Let’s try a table-valued EvaluateAndLog with a simple measure:
Measure4 = CountRows(EvaluateAndLog(‘Sales’))
We inject EvaluateAndLog inside the CountRows function to see which rows are counted.
⚠️For this week’s examples, we will be building on top of last week’s 3-table model, the diagram of which is shown again in Figure 1 just like last week. That’s why our first example is already the 4th measure in the model. A link to the updated pbix file is provided at the end of this article.
⚠️ If you want to try the examples in this post on your own, make sure that you have installed the most recent update of the August 2022 release of Desktop which contains a critical bug fix. The version of your Desktop must be 2.108.997.0 or later.
Adding ‘Product'[Color] and [Measure4] to a table visual, we get Figure 2 and two DAXEvaluationLog events, Figures 3 and 4. There are eight tables in Figure 3, one for each product color, and only one table in Figure 4 corresponding to the total value of the table visual. Unlike scalar expressions, a table expression has an “outputs” property in its JSON document which is a list of columns that define the schema of the table.
It’s an interesting challenge how to present to the users in DAX Debug Output more than one table from the same table expression. Since all the tables share the same schema, I chose to show them in a single data grid just like the multiple values from a single scalar expression are displayed. This also happens to be the way such data is stored in the DAX Engine: rows from tables calculated from the same DAX expression are saved in a single data cache along with corresponding values of the input columns. To make it easier for users to differentiate between rows from different tables, I added to the data grid three extra columns, whose headers are in light and dark grayish blue colors:
- [Table Number] indicates to which table the row belongs;
- [Row Number] indicates which row in the table;
- [Row Count] indicates the total number of rows in the table.

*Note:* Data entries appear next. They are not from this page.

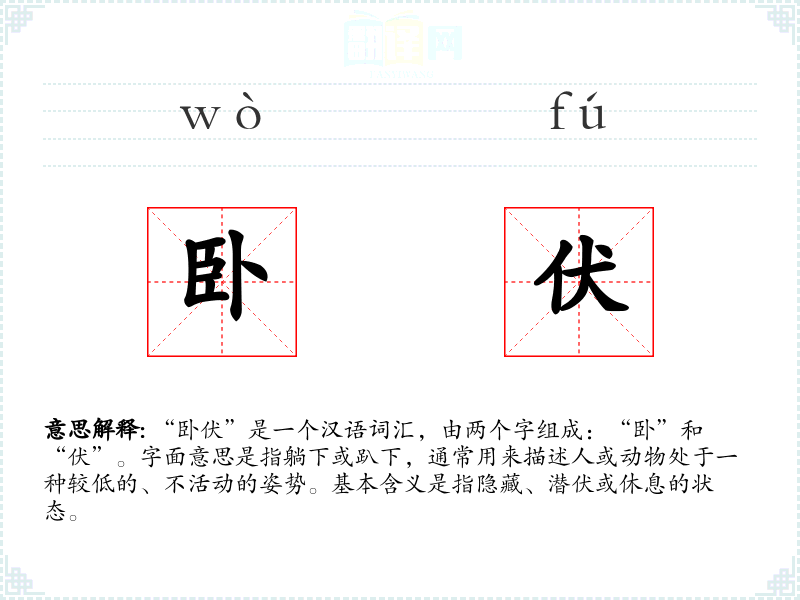 “卧伏”是一个汉语词汇,由两个字组成:“卧”和“伏”。字面意思是指躺下或趴下,通常用来描述人或动物处于一种较低的、不活动的姿势。基本含义是指隐藏、潜伏或休息的状态。
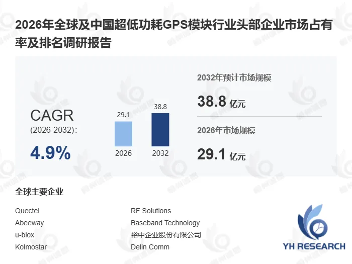 以下内容来自恒州诚思YHResearch出版的《2026年全球及中国超低功耗GPS模块行业头部企业市场占有率及排名调研报告》,同时提供英文,日文,韩文等不同语种版本报告。
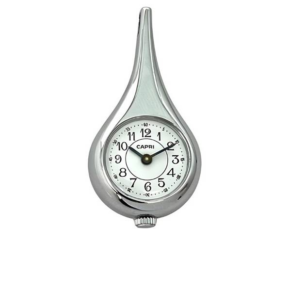 Kleine Capri Anhängeuhr in Tropfenform – Handaufzug-Werk Swiss Made (Stiftanker)- weisses Zifferblatt- schwarze Klassikzahlen- schwarze Stabzeiger- Gangreserve bis 30 Stunden- verchromtes Messing Gehäuse in Tropfenform (poliert)nicht wasserfest! l: 40 mm, b; 21mm, h: 9 mm2 Jahre Garantie Preis inkl. Etuie Original Anhängeuhr mit Garantie vom Schweizer Uhrmacher Aus Hygienegründen oder um die Arme frei zu halten, werden die beliebten Uhren gerne um den Hals getragen. Wir empfehlen gut verarbeitete, robuste Ketten mit einer Länge von min. 60cm. (Leider führen wir diese nicht) Wir führen in unserem Uhren Fachgeschäft in Basel noch viele weitere Anhängeuhren an Lager. Auch im Schweizer Online Uhren Shop finden Sie noch mehr Umhänge. Einfach auf das Logo klicken »
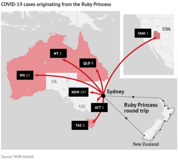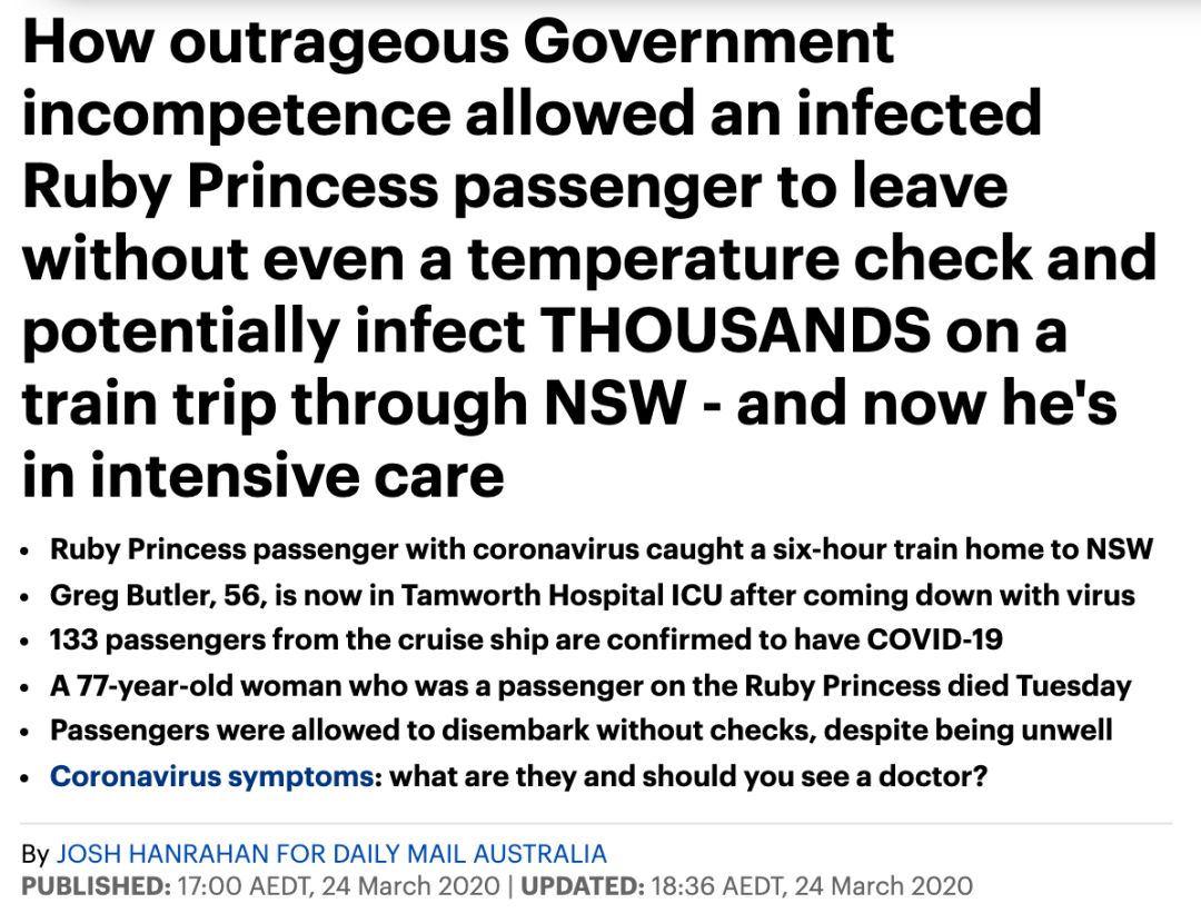 (“一名受感染的Ruby Princess乘客在没有健康检查的情况下就离开,可能在通过新南威尔士州的火车旅行中感染数千人”,每日邮报)
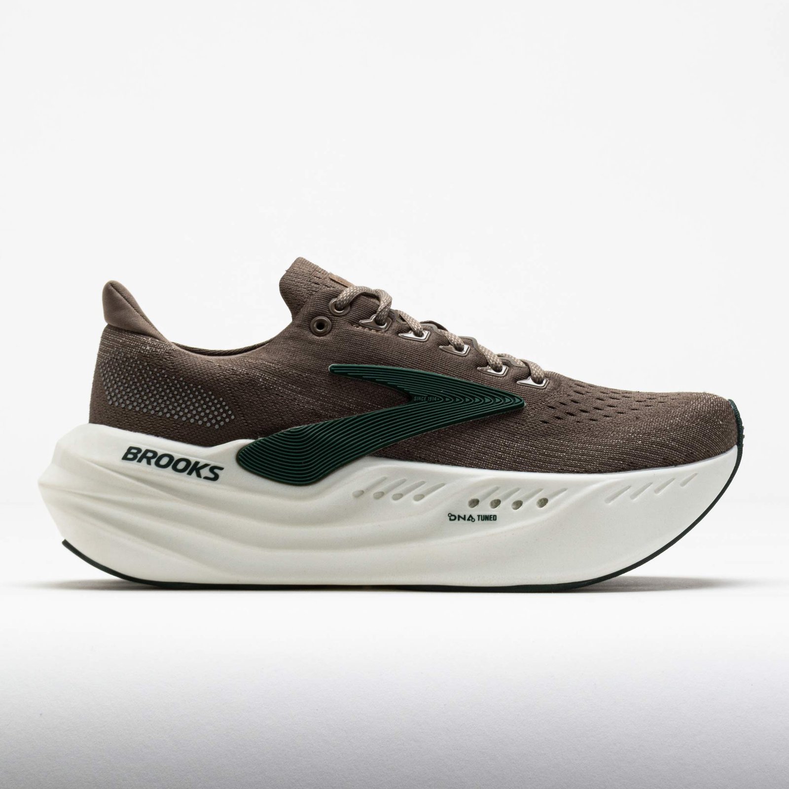 Run effortlessly in the Brooks Glycerin Max! This neutral running shoe features a nitrogen-infused DNA Tuned midsole with dual-size cell technology. Larger cells in the heel provide plush landings. while smaller cells in the forefoot deliver springy toe-offs. Enjoy smooth transitions from the GlideRoll Rocker geometry. Plush and protective. the Brooks Glycerin Max helps you get the most out of your miles!
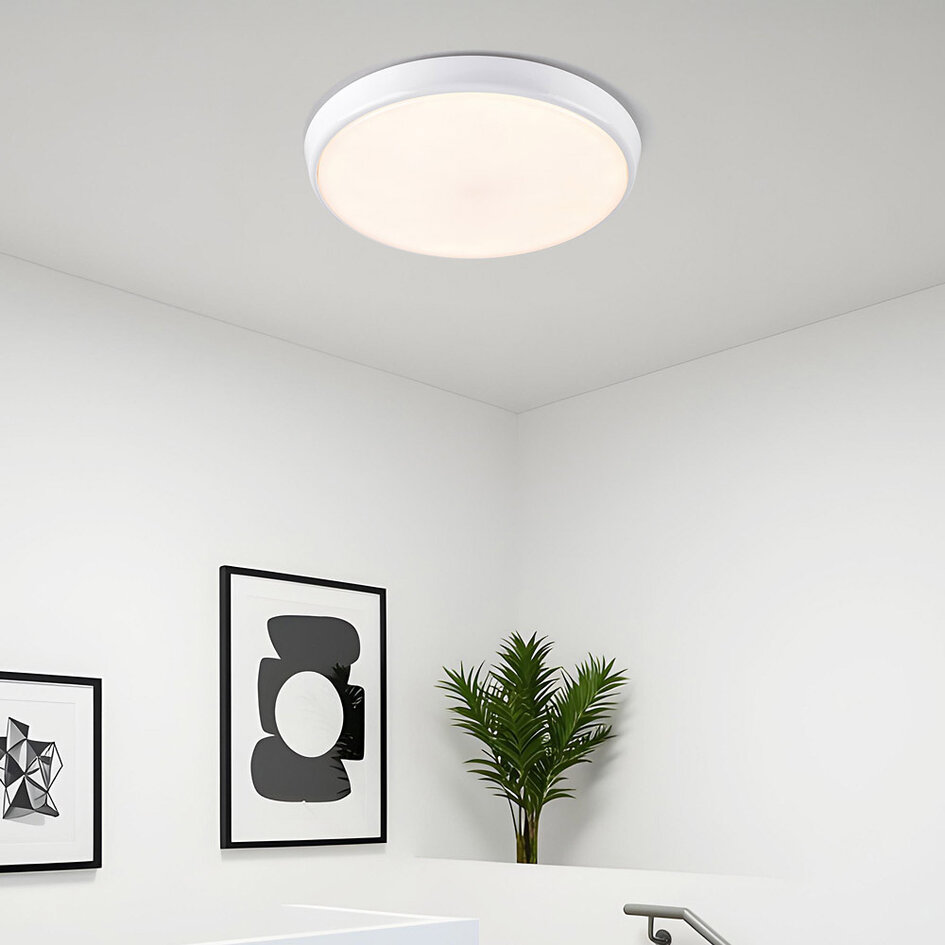 Das moderne Design dieser großen, weißen Deckenleuchte passt in fast jeden Raum. Ausgestattet mit einem robusten weißen Polycarbonatschirm ist diese Lampe ideal für den Einsatz in Hallen und Fluren innerhalb eines Gebäudes. Mit einer Lichtstärke von 15, 20 oder 25 Watt bietet die Leuchte eine ausreichende Beleuchtung für größere Räume. Um einen langen Flur oder einen großen Raum hell zu beleuchten, können Sie mehrere Deckenleuchten in einer Reihe anbringen. Die Deckenleuchte hat einen Durchmesser von 35,2 cm und eine Höhe von 4,65 cm.
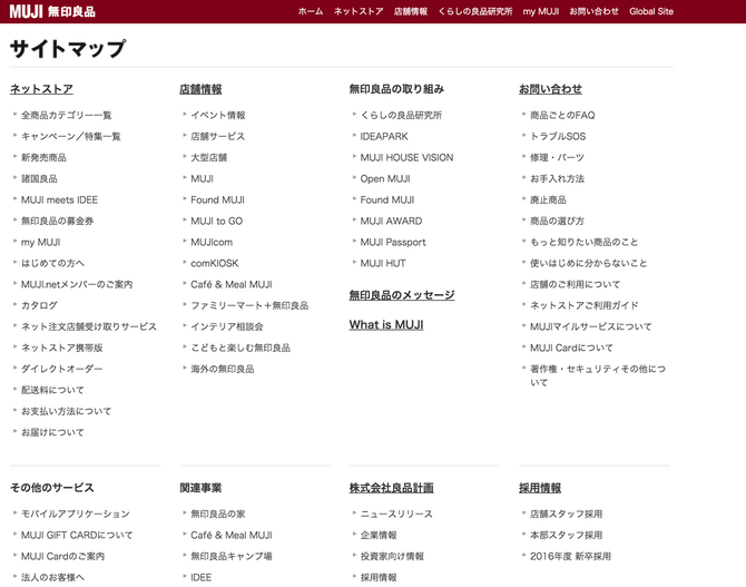 そしてサイトマップページ自体が見つからないのでは話にならないのでほとんどのWebサイトは全てのページのヘッダーか、フッターのメニューから下図のようにサイトマップページにリンクを張り、迷子になったユーザーに見てもらえるように配慮しています。

Since data tables can potentially contain a lot of columns and rows in which case will be very expensive to serialize, the EvaluateAndLog function, by default, only serializes up to 10 rows per table into the JSON output, but it also serializes the total number of rows as the value of the “rowCount” JSON property to let users know if any rows are skipped. Users can use the optional <max rows> parameter of the function to change the limit. Since intermediate tables are not sorted by the DAX Engine, there is no general way of controlling which subset of rows will show up in the output. However, you can use functions like Filter, TopN, or Sample to select a subset of rows you want to see, e.g.
CountRows(EvaluateAndLog(Sample(10, ‘Sales’, ‘Sales'[ProductKey], Asc)))
But injecting Filter/TopN/Sample functions would change the result of the CountRows function, therefore is not a desirable workaround. Fortunately, there is a trick to have better control over the output rows without changing the result of the original expression, I’ll show how to do it next week.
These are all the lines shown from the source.